Compared to other Layer1 public chains, Solana's primary participants and partnerships give it a unique advantage. From fiat onramp experiences, the protocol itself, user-friendly browser wallets, to application suites, Solana has relatively mature products, giving Web3 developers confidence to create new experiences for users using existing tools. FTX's direct integration with Phantom and its hosting services for new app developers are a major draw for developers in the Solana ecosystem. Compared to Binance's intervention in the Ronin hack, Jump repaired the Wormhole hack for $600 million, demonstrating strong financial support to handle outages and worst-case scenarios. Finally, DAO tools and Phantom are ensuring that the user experience meets a certain threshold at both the collective and individual levels, opening the floodgates for building novel applications on the entire stack of existing infrastructure.

Solana is a reverse bet on single-chip public chains. So far, most public chains have been single-chip, but few public chain projects plan to remain single-chip forever as they seek to improve scalability. For example, Avalanche plans to launch subnets to segment block space requirements to isolated applications that rely on a limited sample from the main validator set. Ethereum seems to be doubling down on a modular stack expansion approach. However, Solana chooses to continue with a single-chip approach and bets that hardware plus its unique protocol design will be able to handle the rapid growth in block space requirements. While the single-chip approach is most elegant for sharing state between different applications built on the same chain, it is unclear whether this approach is feasible as Solana's user base is expected to increase by 100 times and become mainstream. Jevan's paradox may become a challenge that the blockchain industry finds difficult to overcome, and the single-chip approach is least suited to address this trend.

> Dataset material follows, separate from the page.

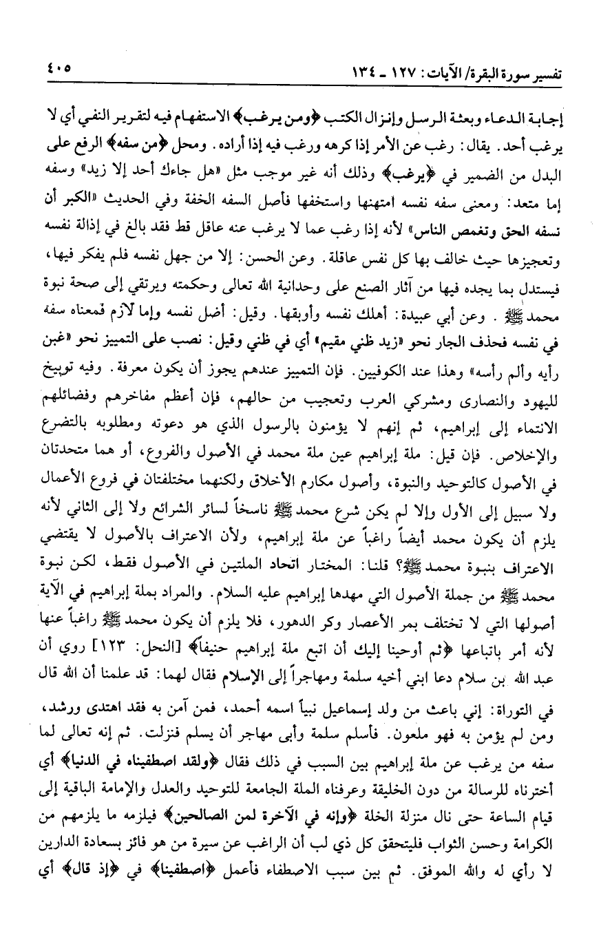 لأنه إذا رغب عما لا يرغب عنه عاقل قط فقد بالغ في إذالة نفسه وتعجيزها حيث خالف بها كل نفس عاقلة. وعن الحسن: إلا من جهل نفسه فلم يفكر فيها، فيستدل بما يجده فيها من آثار الصنع على وحدانية الله تعالى وحكمته ويرتقي إلى صحة نبوة محمد صلى الله عليه وسلم. وعن أبي عبيدة: أهلك نفسه وأوبقها. وقيل: أضل نفسه وإما لازم فمعناه سفه في نفسه فحذف الجار نحو «زيد ظني مقيم» أي في ظني وقيل: نصب على التمييز نحو «غبن رأيه وألم رأسه» وهذا عند الكوفيين. فإن التمييز عندهم يجوز أن يكون معرفة. وفيه توبيخ لليهود والنصارى ومشركي العرب وتعجيب من حالهم، فإن أعظم مفاخرهم وفضائلهم الانتماء إلى إبراهيم، ثم إنهم لا يؤمنون بالرسول الذي هو دعوته ومطلوبه بالتضرع والإخلاص. فإن قيل: ملة إبراهيم عين ملة محمد في الأصول والفروع، أو هما متحدتان في الأصول كالتوحيد والنبوة، وأصول مكارم الأخلاق ولكنهما مختلفتان في فروع الأعمال ولا سبيل إلى الأول وإلا لم يكن شرع محمد صلى الله عليه وسلم ناسخا لسائر الشرائع ولا إلى الثاني لأنه يلزم أن يكون محمد أيضا راغبا عن ملة إبراهيم، ولأن الاعتراف بالأصول لا يقتضي الاعتراف بنبوة محمد صلى الله عليه وسلم؟ قلنا: المختار اتحاد الملتين في الأصول فقط، لكن نبوة محمد صلى الله عليه وسلم من جملة الأصول التي مهدها إبراهيم عليه السلام. والمراد بملة إبراهيم في الآية أصولها التي لا تختلف بمر الأعصار وكر الدهور، فلا يلزم أن يكون محمد صلى الله عليه وسلم راغبا عنها لأنه أمر باتباعها ثُمَّ أَوْحَيْنا إِلَيْكَ أَنِ اتَّبِعْ مِلَّةَ إِبْراهِيمَ حَنِيفاً [النحل: 123] روي أن عبد الله بن سلام دعا ابني أخيه سلمة ومهاجرا إلى الإسلام فقال لهما: قد علمنا أن الله قال في التوراة: إني باعث من ولد إسماعيل نبيا اسمه أحمد، فمن آمن به فقد اهتدى ورشد، ومن لم يؤمن به فهو ملعون. فأسلم سلمة وأبى مهاجر أن يسلم فنزلت. ثم إنه تعالى لما سفه من يرغب عن ملة إبراهيم بين السبب في ذلك فقال وَلَقَدِ اصْطَفَيْناهُ فِي الدُّنْيا أي اخترناه للرسالة من دون الخليفة وعرفناه الملة الجامعة للتوحيد والعدل والإمامة الباقية إلى قيام الساعة حتى نال منزلة الخلة وَإِنَّهُ فِي الْآخِرَةِ لَمِنَ الصَّالِحِينَ فيلزمه ما يلزمهم من الكرامة وحسن الثواب فليتحقق كل ذي لب أن الراغب عن سيرة من هو فائز بسعادة الدارين لا رأي له والله الموفق. ثم بين سبب الاصطفاء فأعمل اصْطَفَيْناهُ في إِذْ قالَ أي

Frequent outages for Solana are the biggest risk to its long-term survival. Ultimately, the insight this brings us is whether it is better to have 100% uptime but an unstable user experience, or 99% uptime but consistently good user experience. However, it is worth noting that Solana has experienced interruptions at inopportune times, such as when traders need to top up collateral to avoid liquidation. As public chains are widely used in the DeFi space, involving billions of dollars in funds, it is difficult to say that any downtime is acceptable. Some argue that it is acceptable, pointing out that in Web2, server downtime maintenance is common practice. Nevertheless, the Solana team is working hard to address this issue, and only time will tell whether their latest protocol adjustments will ultimately resolve these recurring outage issues.

Solana is leading the development direction of NFT and GameFi outside of Ethereum. With its consistently low transaction fees, Solana has achieved a great deal of success in the NFT and GameFi fields (StepN is a good example of combining these two areas). With the influx of liquidity into the Solana ecosystem, trading within these economies, and compared to other public chains, Solana's powerful DeFi products (in the form of deep liquidity pools) may increase its capital allocation moat in this area. Users earning DUST dollars using DeGod NFT and GMT in STEPN may be more willing to deposit these accrued income into USDC on Phantom, rather than flocking to another GameFi or NFT application on another chain. This effect can be compared to the gaming industry, where the conversion cost of existing manufacturers' users such as PlayStation and Xbox is high, and ultimately relies on exclusive games to retain user base. As long as Solana can provide killer applications in NFT and GameFi, it can control a larger retail user base, and even with shiny new incentives such as higher returns, these users will not be eager to move to other chains. Compared to wallet address metrics, TVL metrics may best reflect this point. Retail users hold less funds, but their influence is still reflected in wallet activity, enough to convince developers to choose Solana over other public chains when providing innovative product ideas.